= Eighth Street Mennonite Church =

Church in Indiana

Eighth Street Mennonite Church is a Mennonite Church located in Goshen, Indiana. It is a member of the Central District Conference of Mennonite Church USA.

==History==
Eighth Street was organized by former members of Silver Street Mennonite Church in 1913 and held services in a building on Fifth Street, an avenue which gave the congregation its name until the 1920 construction of a larger building on Eighth Street.

In the 1920s, the Eighth Street congregation expanded as much of the College Mennonite Church joined it in the wake of conflicts within CMC and Goshen College.

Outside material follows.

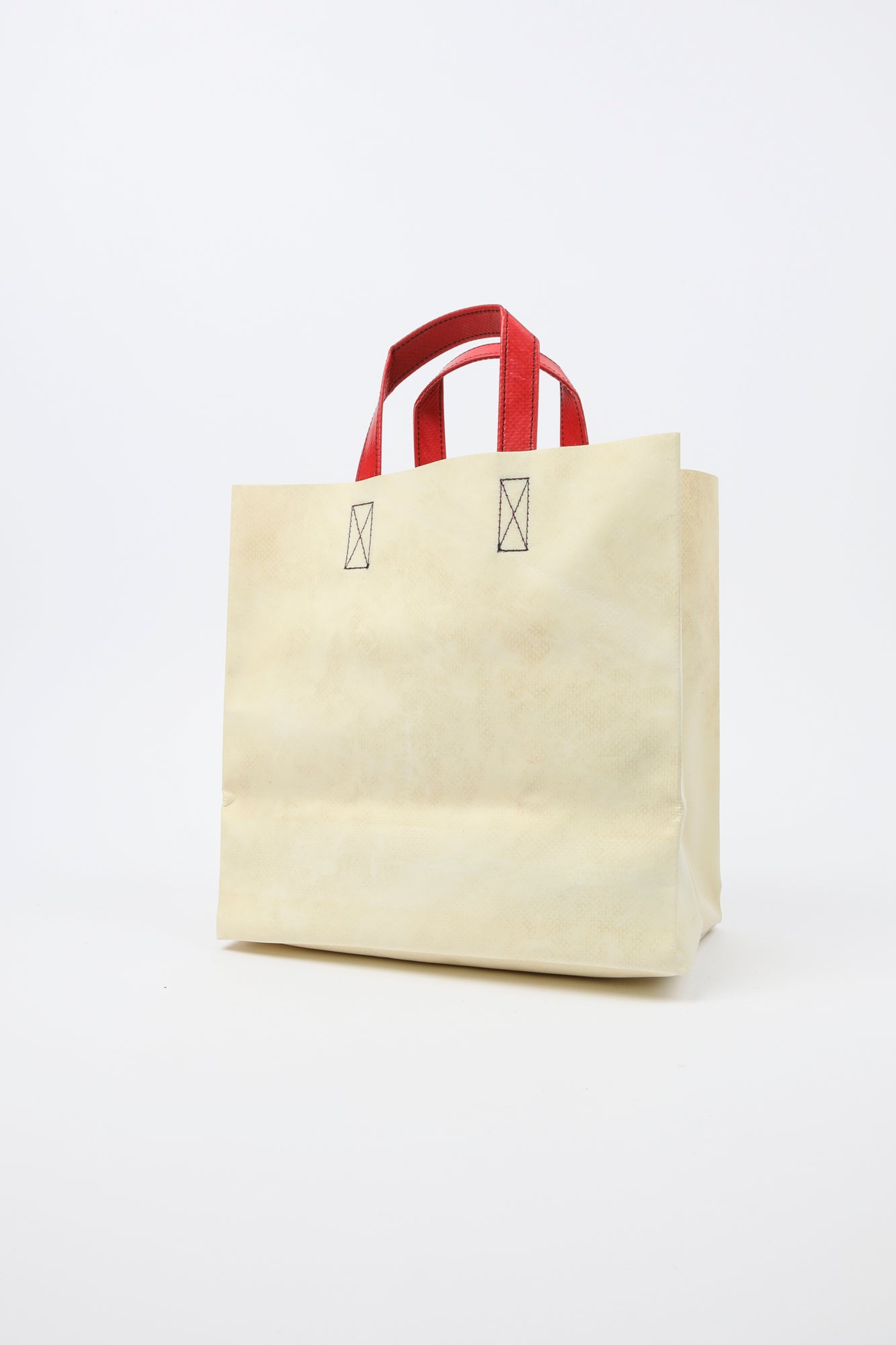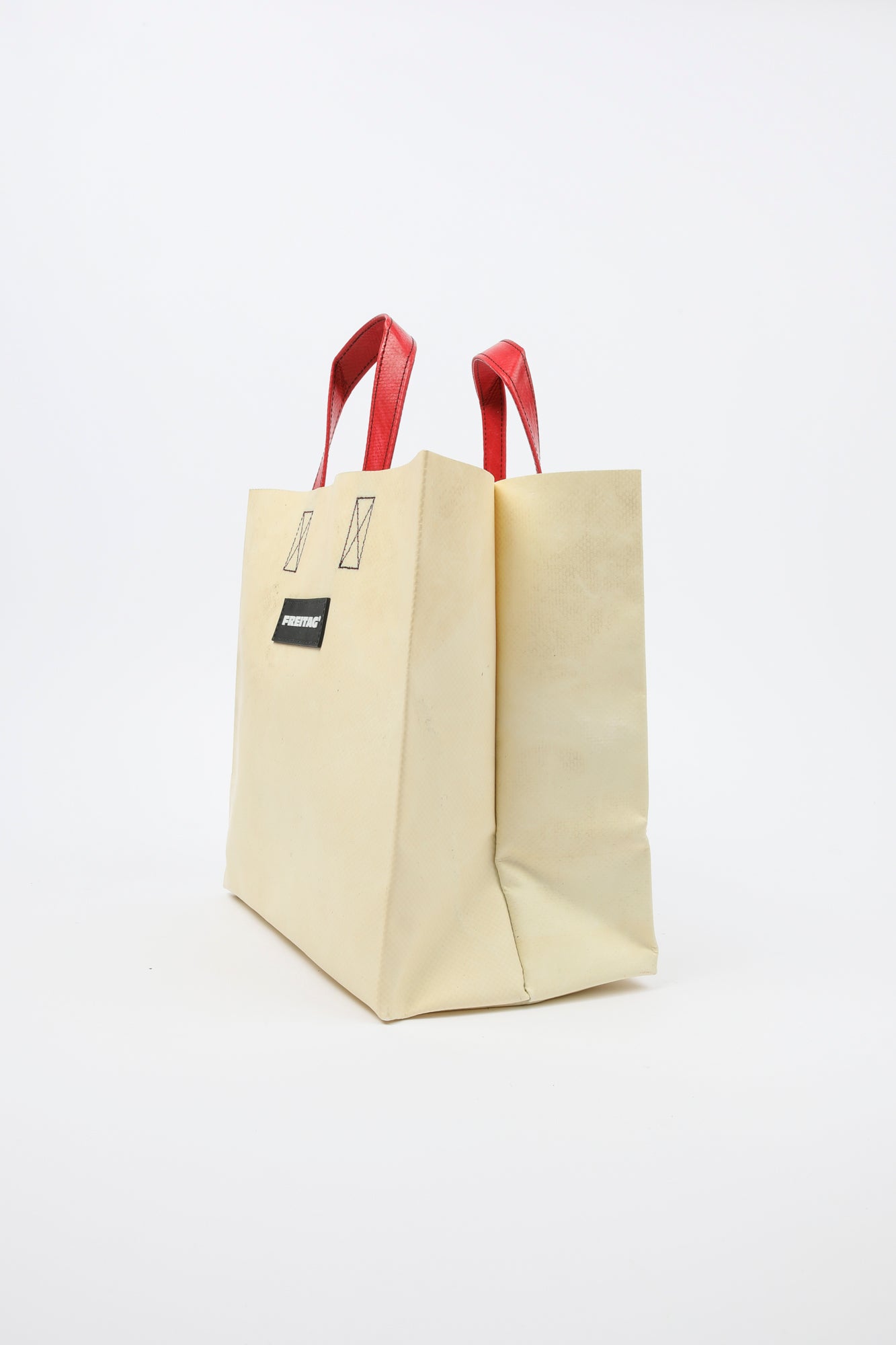 Like its bigger role mode, F52 MIAMI VICE - the truck-tarp version of the universal paper carrier bag - F250 SONNY is also reduced to essentials: two handles, one main compartment, that's it. It's design and shape reflect the original. So, additional handles alternative ways of carrying it and suchlike have been consciously left out. THe F250 SONNY's simple optics are a perfect expression of the owner's individuality because every bag is one-of-a-kind, made from the most beautiful used truck tarps.

In 1956–57, the church building was remodeled and enlarged.

Eighth Street Mennonite was a member of the General Conference Mennonite Church until it merged with the "Old" Mennonite Church to form Mennonite Church USA in 2002.

Early leaders at Eighth Street Mennonite include:
- Jonas S. Hartzler
- I. R. Detweiler
- A. E. Kreider

===Innovations===
Eighth Street was one of the Central District Conference congregations involved with the creation of Camp Friedenswald. The congregation was also part of the effort to start Oaklawn mental health facility in Goshen. In 1973, Eighth Street began a preschool program.

==Today==
In 2011, Eighth Street members donated 600 pounds of vegetables to the local food pantry.

Every summer, Eighth Street joins with Assembly Mennonite Church, College Mennonite Church, Iglesia Del Buen Pastor, and Faith Mennonite Church to organize a Vacation Bible School.